Suasana alun-alun kembali heboh, ketika Arjuna yang berpakaian brahmana naik ke panggung. Raja Drupada kembali sumringah, masih ada orang yang mengikuti sayembara. Segera saja ia memanggil Drupadi untuk bersama-sama menyaksikan ketangkasan Arjuna.
Pemuda dengan pakaian serba putih itu memohon izin kepada Raja Drupada untuk bisa mengikuti sayembara. Raja Drupada mengizinkan brahmana muda untuk ikut memanah. Ia pun segera berjalan ke arah busur ditempatkan.
Sebelum ia mengangkat busur, ia berpaling kepada Drestadyumna dan bertanya, “Bolehkah seorang brahmana mengangkat panah ini?”

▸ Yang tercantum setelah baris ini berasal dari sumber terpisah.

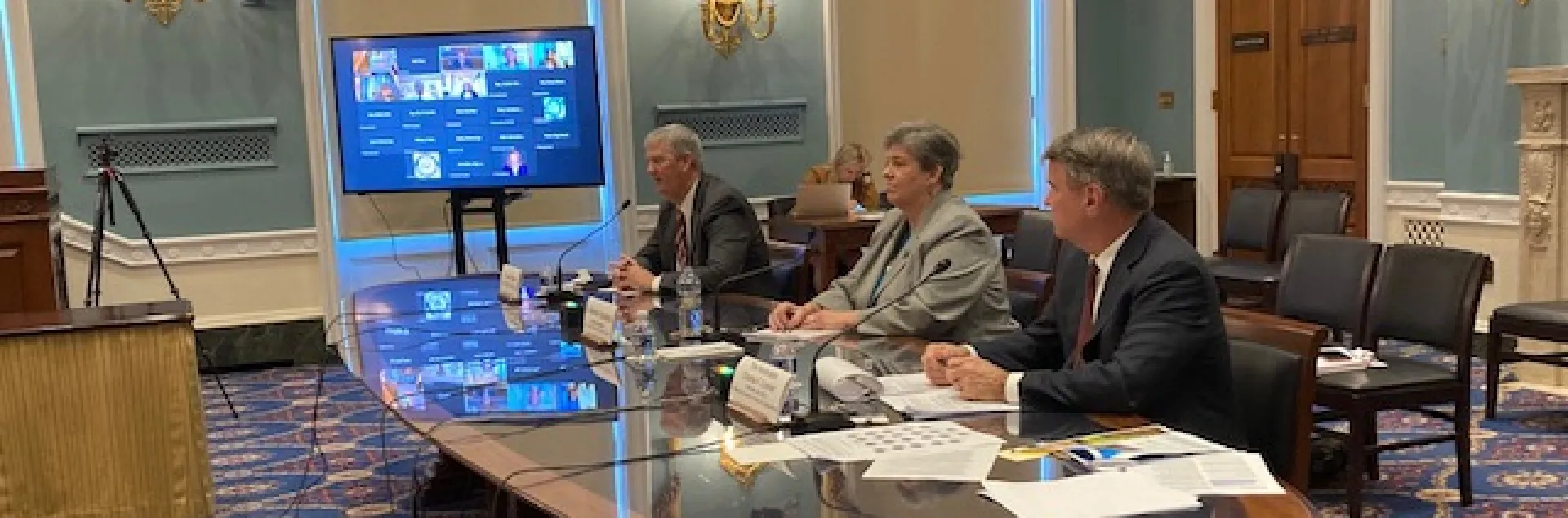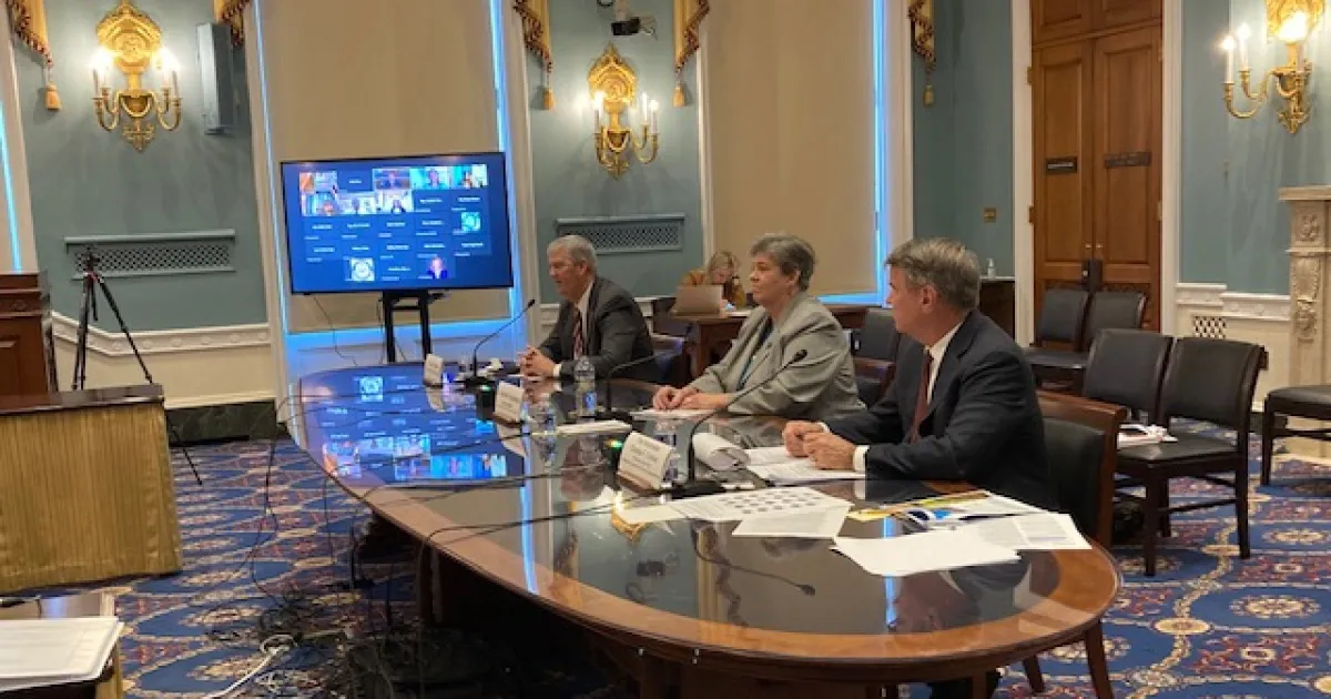 Glenda Humiston sits at a large oval table flanked by two men in dark suits. At one end of the table is a computer screen showing images of people joining the meeting via Zoom.

“Brahmana muda, adikku bersedia disunting oleh pemenang sayembara ini. Siapa pun ia, jika berasal dari kelahiran keluarga baik-baik dan sederajat dengan kami. Apa yang sudah terucap oleh Raja Pancala tak akan ditarik kembali. Silakan mencoba, wahai brahmana muda,” jawab Drestadyumna.
Suasana menjadi hening kembali. Bahkan lalat yang hendak kawin pun membatalkan hajatnya, saking tintrimnya suasana saat itu. Arjuna mengangkat busur yang besar dan berat itu, kemudian ia pasangkan anak panah pada tali busur. Ia mulai membentangkan busur dan secepat kilat lima anak panah melesat tepat mengenai sasaran.
Sorak-sorai kembali membahana di alun-alun Kerajaan Pancala. Kali ini mereka mengelu-elukan brahmana muda yang tak lain adalah Arjuna. Drupadi tersenyum, setidaknya ia memperoleh calon suami yang sederajat dan tampangnya tidak mengecewakan hatinya. Raja Drupada menyerahkan Drupadi kepada Arjuna
***
Kunti sedang sibuk di dapur. Ibu para Pandawa tengah mempersiapkan makan malam bagi kelima putranya yang kemarin pamit pergi mengikuti sayembara di Kerajaan Pancala.
“Ibu, kami datang!” kata Yudistira sambil mengetuk pintu.
“Saya memenangkan sayembara, ibu,” sahut Arjuna dengan gembira.
Kunti bahagia anak-anaknya telah tiba dan mengabarkan kalau mereka telah memenangkan sayembara Raja Drupda. Ia bergegas menuju pintu, sambil berucap, “Sebentar, ibu segera membukakan pintu untuk kalian.”
Yudistira dan Arjuna telah masuk rumah.
“Di mana Bima dan adik-adik kalian?” tanya Kunti.
Belum sempat mereka menjawab pertanyaan, Kunti berkata, ”Jun, sejak kecil sampai sekarang kalian kan selalu bersama. Kamu jangan egois, berbagilah hadiah dari Raja Drupada dengan saudara-saudaramu.”
Pada saat yang bersamaan, Bima, Nakula, Sadewa dan Drupadi masuk rumah. Para Pandawa dan Drupadi sangat jelas mendengar perkataan Kunti.
“Tapi ibu, hadiah Raja Drupada bukan berujud barang, tetapi putri Pancala. Drupadi namanya,” jawab Arjuna sambil menunjuk Drupadi ke arah ibunya.
“Jadikan Drupadi istri kalian secara bergiliran!” titah Kunti selanjutnya. Menurut adat dan keyakinan mereka, titah seorang ibu tiada dapat dibantah.
Drupadi terluka hatinya, sebagai perempuan ia merasa dilecehkan. Ibu macam apa yang memerintahkan kepada anak-anaknya untuk berbagi istri? Demikian kata hatinya.
Inikah balasan akibat aku menolak Basusena Karna? Duka Drupadi tidak berhenti di sini. Kelak, ia akan dipertaruhkan oleh Yudistira dalam judi permainan dadu antara Pandawa dengan Kurawa di Balairung Hastinapura, bahkan ia dipermalukan di depan umum ketika Dursasana melucuti pakaiannya.
Sepanjang hayatnya, Drupadi merindukan sekaligus sangat membenci Karna yang ternyata anak kandung Kunti, sulung dari Pandawa.